Value auc of model drift

Type

int

historical_auc

Dataframe that contains auc history of datadrift_classifier over time

Type

pandas.DataFrame

data_modeldrift

Dataframe that contains performance history of deployed_model

Type

pandas.DataFrame

ignore_cols

list of feature to ignore in compute

Type

list

dataset_names

Dictionnary used to specify dataset names to display in report.

Type

dict, (Optional)

_df_concat

Dataframe that’s composed of both df_baseline and df_current concatenated

Type

pandas.DataFrame

plot

Instance of an Eurybia SmartPlotter class. It’s used for graph displaying purpose.

Type

eurybia.core.smartplotter.SmartPlotter

deployed_model

model in production used to put in perspective drift and to predict

Type

model object, optional

encoding

Preprocessing used before the training step

Type

preprocessing object, optional (default: None)

datadrift_stat_test

Datadrift statistical tests for each feature. Each test identifies whether the feature has drifted. There are 2 types of test implemented depending on the type of feature: - Chi-square for discrete variables - ref: (https://docs.scipy.org/doc/scipy/reference/generated/scipy.stats.chi2_contingency.html) - Kolmogorov-Smirnov for continuous variables - ref: (https://docs.scipy.org/doc/scipy/reference/generated/scipy.stats.kstest.html) This datadrift_stat_test attribute specifies for each feature the test performed, the statistic the test and the p value

Type

dict

palette_name

Name of the palette used for the colors of the report (refer to style folder).

Type

str (default: ‘eurybia’)

colors_dict

Dict of the colors used in the different plots

Type

dict

datadrift_file

Name of the csv file that contains the performance history of data drift If no datadrift file is given, the drift will not be logged

Type

str, optional

js_divergence

Jensen-Shannon divergence of probability distributions - ref: (https://en.wikipedia.org/wiki/Jensen%E2%80%93Shannon_divergence)

Type

float

How to declare a new SmartDrift object?

Example

>>> SD = Smartdrift(df_current=df_production, df_baseline=df_learning)
add_data_modeldrift(dataset, metric='performance', reference_columns=[], year_col='annee', month_col='mois')[source]
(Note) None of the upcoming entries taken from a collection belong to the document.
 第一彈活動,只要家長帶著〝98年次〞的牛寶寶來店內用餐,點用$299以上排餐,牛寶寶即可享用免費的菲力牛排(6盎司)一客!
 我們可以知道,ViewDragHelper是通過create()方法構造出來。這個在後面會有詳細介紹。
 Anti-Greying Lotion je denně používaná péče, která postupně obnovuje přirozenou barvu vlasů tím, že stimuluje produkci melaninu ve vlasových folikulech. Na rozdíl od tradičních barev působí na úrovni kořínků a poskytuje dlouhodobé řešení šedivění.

When method drift is specified, It will display in the report the several plots from a dataframe to analyse drift model from the deployed model. Each plot will represent one possible computed metric according to its groups. (grouped by date(year-month), reference_columns).

Parameters
  • df (pd.DataFrame) – The Dataframe with all the computed metrics.

  • metric (str, (default: 'performance')) – The column name of the metric computed

  • reference_columns (list, (default: [])) – the column names to use for aggregation with the Date computed

  • year_col (str, (default: 'annee')) – The column name of the year where the metric has been computed

  • month_col (str, (default: 'mois')) – The column name of the month where the metric has been computed

compile(full_validation=False, ignore_cols: list = [], sampling=True, sample_size=100000, datadrift_file=None, date_compile_auc=None, hyperparameter: Dict = {'custom_loss': ['Accuracy', 'AUC', 'Logloss'], 'eval_metric': 'Logloss', 'iterations': 250, 'l2_leaf_reg': 19, 'learning_rate': 0.166905, 'loss_function': 'Logloss', 'max_depth': 8, 'use_best_model': True}, attr_importance='feature_importances_')[source]
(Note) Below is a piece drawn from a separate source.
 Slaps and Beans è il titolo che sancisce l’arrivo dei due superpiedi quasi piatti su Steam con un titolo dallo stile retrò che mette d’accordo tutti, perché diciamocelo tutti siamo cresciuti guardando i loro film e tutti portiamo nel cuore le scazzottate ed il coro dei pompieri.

The compile method is the first step to compute data drift. It allows to calculate data drift between 2 datasets using a data drift classification model. Most of the parameters are optional but helps to adapt the data drift calculation if necessary. This step can last a few moments with large datasets.

Parameters
  • full_validation (bool, optional (default: False)) – If True, analyze consistency on modalities between columns

  • ignore_cols (list, optional) – list of feature to ignore in compute

  • sampling (bool, optional) – If True, applies the sampling

  • sample_size (int, optional) – the size of the sample to build

  • date_compile_auc (str (optional)) – format dd/mm/yyyy use for specify date of compute drift, useful when compute few time drift for different time at the same moment

  • hyperparameter (dict, optional) – if user want to modify catboost hyperparameter

  • attr_importance (string, optional (default: "feature_importances_")) – Attribute “feature_importance” of the deployed_model

  • datadrift_file (str, optional) – Name of the csv file that contains the performance history of data drift. If no datadrift file is given, the drift will not be logged

Examples

>>> SD.compile()
generate_report(output_file, project_info_file=None, title_story='Drift Report', title_description='', working_dir=None)[source]
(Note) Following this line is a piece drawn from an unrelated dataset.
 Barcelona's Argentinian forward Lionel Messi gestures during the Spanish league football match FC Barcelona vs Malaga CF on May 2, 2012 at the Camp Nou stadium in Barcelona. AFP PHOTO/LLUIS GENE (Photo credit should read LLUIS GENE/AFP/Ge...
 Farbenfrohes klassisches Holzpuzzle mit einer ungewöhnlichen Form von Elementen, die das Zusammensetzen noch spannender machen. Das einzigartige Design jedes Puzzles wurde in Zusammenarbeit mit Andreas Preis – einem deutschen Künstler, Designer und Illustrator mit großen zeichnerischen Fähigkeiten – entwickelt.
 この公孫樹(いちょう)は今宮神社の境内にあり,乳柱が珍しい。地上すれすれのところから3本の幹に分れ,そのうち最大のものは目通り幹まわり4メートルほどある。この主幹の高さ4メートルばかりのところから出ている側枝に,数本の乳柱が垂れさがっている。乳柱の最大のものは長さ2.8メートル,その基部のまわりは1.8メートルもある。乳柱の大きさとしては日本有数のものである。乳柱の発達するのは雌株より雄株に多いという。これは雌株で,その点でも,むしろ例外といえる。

This method will generate an HTML report containing different information about the project. It allows the information compiled to be rendered. It can be associated with a project info yml file on which can figure different information about the project.

Parameters
  • output_file (str) – Path to the HTML file to write

  • project_info_file (str) – Path to the file used to display some information about the project in the report

  • title_story (str, optional) – Report title

  • title_description (str, optional) – Report title description (as written just below the title)

  • working_dir (str, optional) – Working directory in which will be generated the notebook used to create the report and where the objects used to execute it will be saved. This parameter can be usefull if one wants to create its own custom report and debug the notebook used to generate the html report. If None, a temporary directory will be used

Examples

>>> SD.generate_report(
        output_file='report.html',
        project_info_file='project_info.yml',
        title_story="Drift project report",
        title_description="This document is a drift report of the score in production"
    )